- **Records supplied**:
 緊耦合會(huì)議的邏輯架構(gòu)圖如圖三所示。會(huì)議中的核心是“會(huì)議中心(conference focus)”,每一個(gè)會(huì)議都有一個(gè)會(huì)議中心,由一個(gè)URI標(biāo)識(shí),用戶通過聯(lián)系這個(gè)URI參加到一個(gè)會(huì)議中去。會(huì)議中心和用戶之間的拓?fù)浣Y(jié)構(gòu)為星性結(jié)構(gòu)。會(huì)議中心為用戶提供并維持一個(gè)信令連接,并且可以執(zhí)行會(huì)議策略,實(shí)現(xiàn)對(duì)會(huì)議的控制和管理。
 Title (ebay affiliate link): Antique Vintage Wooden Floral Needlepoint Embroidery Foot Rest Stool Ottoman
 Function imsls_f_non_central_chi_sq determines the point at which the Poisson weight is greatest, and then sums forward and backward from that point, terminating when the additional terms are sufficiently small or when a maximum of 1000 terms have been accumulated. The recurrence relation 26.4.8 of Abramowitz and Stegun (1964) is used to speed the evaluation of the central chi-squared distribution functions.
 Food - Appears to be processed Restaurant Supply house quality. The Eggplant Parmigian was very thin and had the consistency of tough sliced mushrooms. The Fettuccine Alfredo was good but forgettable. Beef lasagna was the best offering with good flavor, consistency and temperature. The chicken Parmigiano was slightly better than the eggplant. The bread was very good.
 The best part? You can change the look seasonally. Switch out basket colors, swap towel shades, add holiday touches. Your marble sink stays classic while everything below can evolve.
* * *
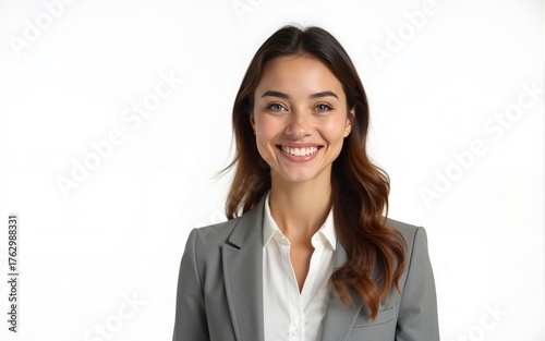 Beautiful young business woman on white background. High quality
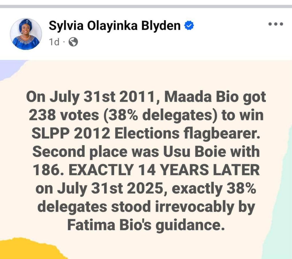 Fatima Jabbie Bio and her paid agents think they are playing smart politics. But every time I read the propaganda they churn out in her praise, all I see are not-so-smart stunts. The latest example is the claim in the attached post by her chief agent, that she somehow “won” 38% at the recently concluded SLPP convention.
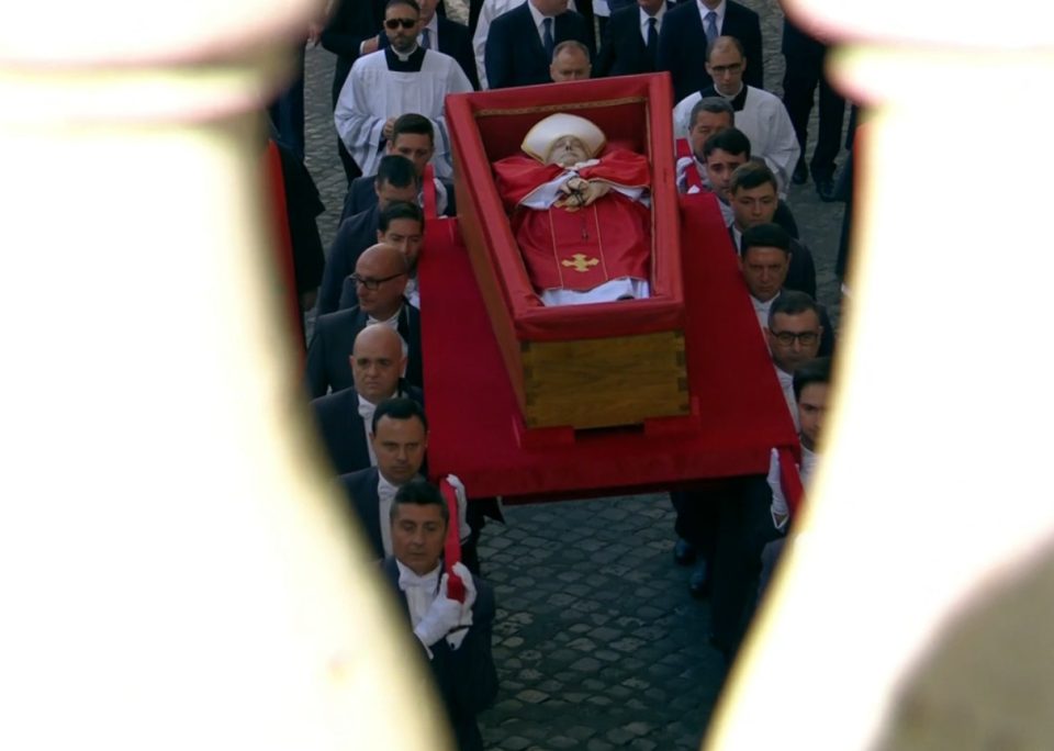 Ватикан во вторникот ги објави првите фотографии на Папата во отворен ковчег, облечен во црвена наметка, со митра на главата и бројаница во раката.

- **Work required**: Transcribe the records above exactly, beginning at the line that contains "緊耦合會(huì)議的邏輯架" and ending with the line that contains "The best part?", both included, and nothing else.

- **Solution for this exercise**:
 緊耦合會(huì)議的邏輯架構(gòu)圖如圖三所示。會(huì)議中的核心是“會(huì)議中心(conference focus)”,每一個(gè)會(huì)議都有一個(gè)會(huì)議中心,由一個(gè)URI標(biāo)識(shí),用戶通過聯(lián)系這個(gè)URI參加到一個(gè)會(huì)議中去。會(huì)議中心和用戶之間的拓?fù)浣Y(jié)構(gòu)為星性結(jié)構(gòu)。會(huì)議中心為用戶提供并維持一個(gè)信令連接,并且可以執(zhí)行會(huì)議策略,實(shí)現(xiàn)對(duì)會(huì)議的控制和管理。
 Title (ebay affiliate link): Antique Vintage Wooden Floral Needlepoint Embroidery Foot Rest Stool Ottoman
 Function imsls_f_non_central_chi_sq determines the point at which the Poisson weight is greatest, and then sums forward and backward from that point, terminating when the additional terms are sufficiently small or when a maximum of 1000 terms have been accumulated. The recurrence relation 26.4.8 of Abramowitz and Stegun (1964) is used to speed the evaluation of the central chi-squared distribution functions.
 Food - Appears to be processed Restaurant Supply house quality. The Eggplant Parmigian was very thin and had the consistency of tough sliced mushrooms. The Fettuccine Alfredo was good but forgettable. Beef lasagna was the best offering with good flavor, consistency and temperature. The chicken Parmigiano was slightly better than the eggplant. The bread was very good.
 The best part? You can change the look seasonally. Switch out basket colors, swap towel shades, add holiday touches. Your marble sink stays classic while everything below can evolve.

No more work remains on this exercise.